Manual operation of the control means enables shut-off of the feed of these ingredients in a sufficiently accurate manner for the purpose required.
Since the control of the flow of aggregates is at the gate 17, and the belt 18 is running constantly, there will be some material on the belt when the gate is closed, the weight of which has to be anticipated and added to that shown at the moment the gate is closed. With manual, hand lever operated gate control, the gate may be feathered so the flow rate is practically zero just prior to the desired weight being obtained. With automatic controls, a pre-cut off compensation is employed. Generally, the operation can be such that it is accurate to the order of one pound.
Instead of feeding cement and water directly from their sources of supply into the mixer, a separate intermediate compartment is provided for each of them. As shown herein, there is actually only one container 36, which rests on the top of the mixer housing and is weighed along with the mixer and its contents.

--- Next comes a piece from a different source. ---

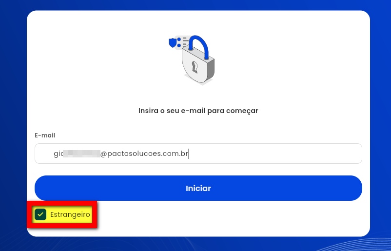 3.1. Caso o aluno seja estrangeiro (não tem CPF), marque a opção “Estrangeiro” para que o campo de e-mail seja exibido e o aluno possa realizar seu acesso.

As shown in FIG. 3, partition 37 divides the container 36 into two compartments, one of which 38 is for water and the other 39, for cement. Water is supplied through the conduit 42 from a source of supply, a valve being remotely controllable by the operator to initiate and discontinue such supply. The lower portion of the compartment 38 is provided with a pair of identical outlet valves 44 each of which consists of a cylindrical plug 45 having a flat section 46 communicating with an inlet portion 47 extending through the valve housing 48. Plus 45 is mounted on a shaft 49 extending through the length of the compartments. One end of the shaft is mounted on a bearing in one of the ends of the compartment and the other end extends through the bearing in the other end.
The shaft 49 on which the water discharge valves 44 are mounted extends in a direction parallel to the shaft 28 on which the mixer paddles 27 are mounted. The discharge valves 44 are located near the ends of the shaft 49 so that discharge therefrom causes the water to fall on the end portions of the mixer. If the arrangement of paddle blades is such as to cause the material being mixed to move toward the center of the mixer, the water will be moved in the same direction causing an even distribution of the water in the mix.

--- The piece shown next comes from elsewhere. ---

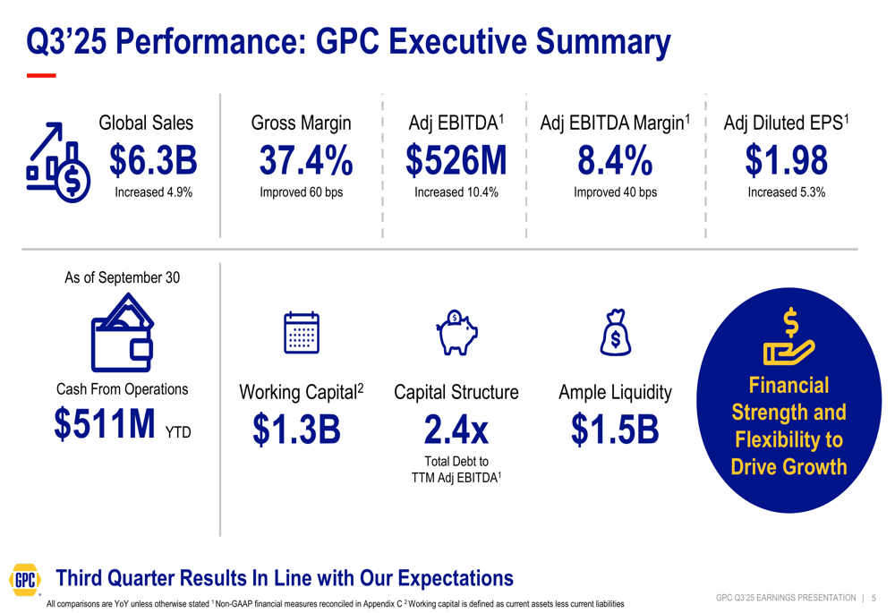 As shown in the following executive summary of GPC’s third quarter performance:

As previously described, cement is discharged from the end of the screw conveyor 15 when the latter is running. The discharge of the conveyor 15 is fed through the receiving duct 52 into the top of the compartment 39 and it is constantly weighed on the scale until the desired amount is accumulated. In the same fashion, water is weighed as it is separately charged into compartment 38. Cement is discharged from compartment 39 through the gate valve 53, which consists of the gate plates 55 mounted on the shaft 54. The plates 55 consist of two strips of metal clamping a sealing strip 56 which is flexed against the sides of the discharge throat 57 of the compartment. Preferably, a vibrator (not shown) is mounted on the sloping side 58 of the compartment to assist in discharge of cement when the valve 53 is opened. The gate valve 53 provides an opening extending the full length of compartment 39. Accordingly, the cement is distributed evenly throughout the length of the mixer, which tends to prevent uneven distribution of cement in the final concrete mixture.

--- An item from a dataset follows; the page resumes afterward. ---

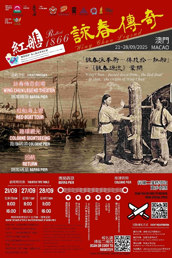 A “Redboat 1866 Wing Chun Legend” será realizada nos dias 21, 27 e 28 de Setembro, às 11h00 e às 16h00. Os participantes vão experienciar, de forma imersiva, a lendária herança da prática de artes marciais Wing Chun e a sua ligação com os “barcos vermelhos”, começando com o “Teatro Legendário de Wing Chun”, na Ponte-Cais da Barra. Em seguida, embarcarão num “Barco Vermelho” que fará a ligação entre a Barra e Coloane, percorrendo vários pontos históricos dos antigos barcos vermelhos com ópera cantonense, a fim de conhecer melhor o seu passado em Macau.

As shown in FIG. 5, the length of the water compartment 38 is co-extensive with the length of the cement compartment, and since the length of the water compartment is also co-extensive with the length of the mixer, cement can be spread through all underlying portions of the mixer. With the water discharge openings 47 disposed near the ends of the water compartment, water may be discharged near the end portion of the mixer and can be moved with the aggregates toward the center of the mixer, as previously described; the result is a very desirable distribution of water and cement within the mixer.
Discharge through the gates from compartments 38 and 39 falls directly into the open top portion of the mixer. These gates can be opened at separate intervals of time, or concurrently, depending on the desired sequence for the most desirable mixing. The water for instance can be introduced concurrently with either of the aggregate and so can the cement. Since they are pre-weighed individually, it is possible to use the same weighing device while providing maximum flexibility in the sequence of their introduction into the mixing compartment.
Normally it would be desirable to weigh the water and cement prior to introduction of aggregates because the mixer is more stable when it is empty and more accurate weights can be obtained. If weighing of the cement or water occurs after the aggregates have been fed into the mixer, the operation of the mixer causes some bouncing of the scale and fluctuation of the weights.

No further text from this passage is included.